By accounting for Eqs. (1), (10) and (11), the SAM of A₀ wave propagating in this plate is:

$${{{{{{\bf{S}}}}}}}_{{A}_{0}}= -\hat{{{{{{\bf{z}}}}}}}{k}_{{A}_{0}}{\kappa }_{l}\rho \omega {A}^{2}\frac{{k}_{{A}_{0}}^{2}-{\kappa }_{t}^{2}}{{k}_{t}^{4}}\cosh \left(\frac{{\kappa }_{l}d}{2}\right)\left[{k}_{t}^{2}\sinh \left(\frac{{\kappa }_{l}d}{2}\right)\right.\\ -\!\!\left.2{\kappa }_{l}{\kappa }_{t}\cosh \left(\frac{{\kappa }_{l}d}{2}\right)\tanh \left(\frac{{\kappa }_{t}d}{2}\right)\right]$$

(12)

at y = − d/2, but becomes:

$${{{{{{\bf{S}}}}}}}_{{A}_{0}}= \hat{{{{{{\bf{z}}}}}}}{k}_{{A}_{0}}{\kappa }_{l}\rho \omega {A}^{2}\frac{{k}_{{A}_{0}}^{2}-{\kappa }_{t}^{2}}{{k}_{t}^{4}}\cosh \left(\frac{{\kappa }_{l}d}{2}\right)\left[{k}_{t}^{2}\sinh \left(\frac{{\kappa }_{l}d}{2}\right)\right.\\ \left.-2{\kappa }_{l}{\kappa }_{t}\cosh \left(\frac{{\kappa }_{l}d}{2}\right)\tanh \left(\frac{{\kappa }_{t}d}{2}\right)\right]$$

(13)

at y = d/2. Clearly, \({{{{{{{{\bf{S}}}}}}}}}_{{A}_{0}}(y=-d/2)=-{{{{{{{{\bf{S}}}}}}}}}_{{A}_{0}}(y=d/2)\). The sign of \({{{{{{{{\bf{S}}}}}}}}}_{{A}_{0}}\) is tightly correlated with the sign of \({k}_{{A}_{0}}\), which shows the spin-momentum locking of A₀ wave. Notice that the choice of y from −d/2 to d/2, instead of the case from 0 to d in both experiment and simulation, is just for the convenience of presenting the spin-momentum locking of A₀ wave as shown in Eqs. (12) and (13), while the physical relationship keeps unchanged.

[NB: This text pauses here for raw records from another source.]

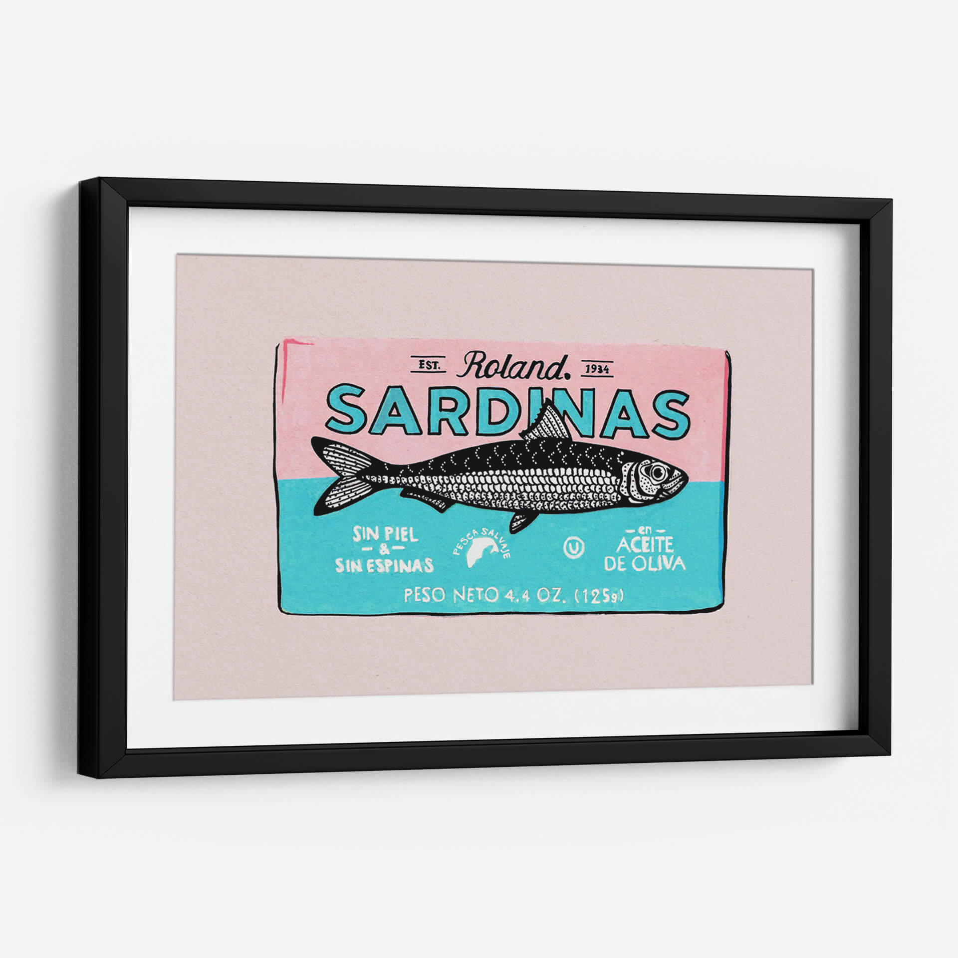 Este cuadro decorativo, titulado "Roland Sardinas" por Studio Mandariini, es una pieza vibrante y nostálgica que evoca la estética retro de las latas de conservas vintage. La obra presenta una ilustración estilizada de una lata de sardinas, con la sardina principal destacada en tonos oscuros sobre un fondo dividido en rosa pastel y azul turquesa. Los detalles en blanco y negro, como las escamas de la sardina y el texto descriptivo "SIN PIEL & SIN ESPINAS" y "PESCA SALVAJE", añaden un toque de autenticidad y encanto. La tipografía, con la palabra "SARDINAS" en letras mayúsculas y un diseño llamativo, junto a "EST. Roland. 1934", transporta al espectador a una época pasada. Esta obra de arte es ideal para cocinas, comedores o espacios temáticos que busquen un toque de humor, originalidad y un aire vintage. Su paleta de colores pop, con contrastes definidos, la convierte en un punto focal atractivo y conversacional, perfecta para añadir personalidad a cualquier ambiente moderno o ecléctico. "Roland Sardinas" es una pieza que combina arte pop con un guiño a la cultura culinaria, ofreciendo una decoración única y llena de carácter.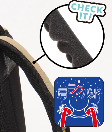凹凸のある厚めのパッドを入れることで、重さが分散され、肩が痛くなりにくい特徴があります。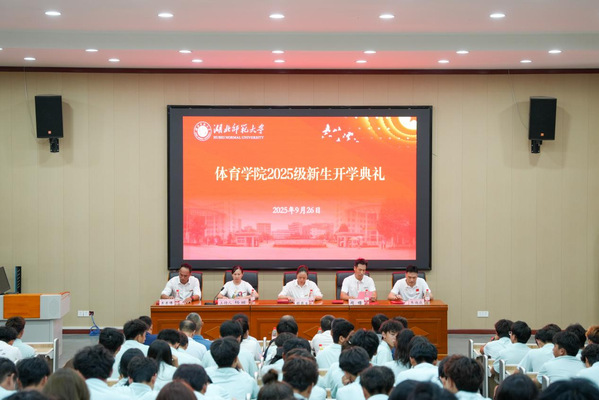 9月26日下午3时,湖北师范大学体育学院2025级新生开学典礼在艺术大楼学术报告厅举行。学院党委书记胡燕生、院长周曙等领导班子成员、各系部主任、2025级新生班主任、研究生班主任、全体2025级本科及研究生新生以及高年级学生代表共同参加了典礼。典礼由体育学院党委副书记杨丽主持。

Regarding the simulation, we use 2D elastic model in simulation software to illustrate the elastic spin-momentum locking for both Rayleigh and Lamb wave systems. The numerical meta-source is the same as the four-point source shown in Fig. 1b. For example, the simulation results when using the elastic spin-up and/or down excitation in Rayleigh wave are shown in Fig. 2a. Although the profile of displacement polarization on both sides are similar, the propagation direction is different. Hence, the rotation direction of local displacement polarization are opposite between the left and right sides. As such, the elastic spin-up (resp. elastic spin-down) source only excite Rayleigh mode in left (resp. right) side, while the wave mode in the other side is forbidden due to the mismatching in SAM.